0
votes

I'm writing a dockerized Java Spring application that uses Apache Storm v1.1.2, Kafka v0.11.0.1, Zookeeper 3.4.6, Eureka, and Cloud-Config all in Docker containers orchestrated by Docker-Compose.

The tuples I'm receiving with a KafkaSpout have a "value" Field that is a protobuf object. I use a custom deserializer to get my object out of it for processing.

I have a basic application working where I have a bolt that prints incoming messages and routes them to other certain bolts based on the value of a field in the protobuf object. I also have the LocalCluster, Config, and TopologyBuilder working as Spring Beans.

Currently I set all bolts in a PostContruct but I need to be able to dynamically add bolts that filter incoming messages based on other fields of the protobuf object and perform basic aggregation functions (max/min/windowed average).

I'd like to do this with a REST Controller but how could I stop and start the topology without losing data? I also would prefer not to restart the topology by listening to the Kafka topic from the beginning as this system will receive an extremely high load.
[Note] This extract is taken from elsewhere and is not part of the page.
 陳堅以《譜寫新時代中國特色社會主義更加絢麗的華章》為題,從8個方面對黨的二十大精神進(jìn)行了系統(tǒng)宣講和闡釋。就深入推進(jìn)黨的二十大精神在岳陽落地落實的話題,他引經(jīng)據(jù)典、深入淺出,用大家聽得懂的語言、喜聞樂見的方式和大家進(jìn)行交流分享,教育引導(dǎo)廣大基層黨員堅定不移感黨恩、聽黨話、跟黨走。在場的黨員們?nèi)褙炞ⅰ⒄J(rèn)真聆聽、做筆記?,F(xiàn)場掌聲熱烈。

This article looked promising but I definitely want the entire process to be automated so I won't be going into Zookeeper https://community.hortonworks.com/articles/550/unofficial-storm-and-kafka-best-practices-guide.html

How can I edit an existing topology in code to add new bolts dynamically?

1

1 Answers

1
votes

You can't. Storm topologies are static once submitted. If you need to vary processing based on a field in the tuple, your best option is to submit all the bolts you will need up front. You can then vary the path the tuple takes through the topology by using one or more bolts that examine the tuple, and emit to specific streams based on the tuple content.

e.g. make a SplitterBolt

public void execute(Tuple input) {
  if (tuple.getIntegerByField("theDecider") == 1) {
    collector.emit("onlyOnes", tuple.getValues());
  } else {
    collector.emit("others", tuple.getValues());
  }
}

where you in your topology building code would have something like

builder.setSpout("kafka-spout", ...);
builder.setBolt("splitter", new SplitterBolt()).shuffleGrouping("kafka-spout");
builder.setBolt("countOnes", new CounterBolt()).shuffleGrouping("splitter", "onlyOnes");
builder.setBolt("countOthers", new CounterBolt()).shuffleGrouping("splitter", "others");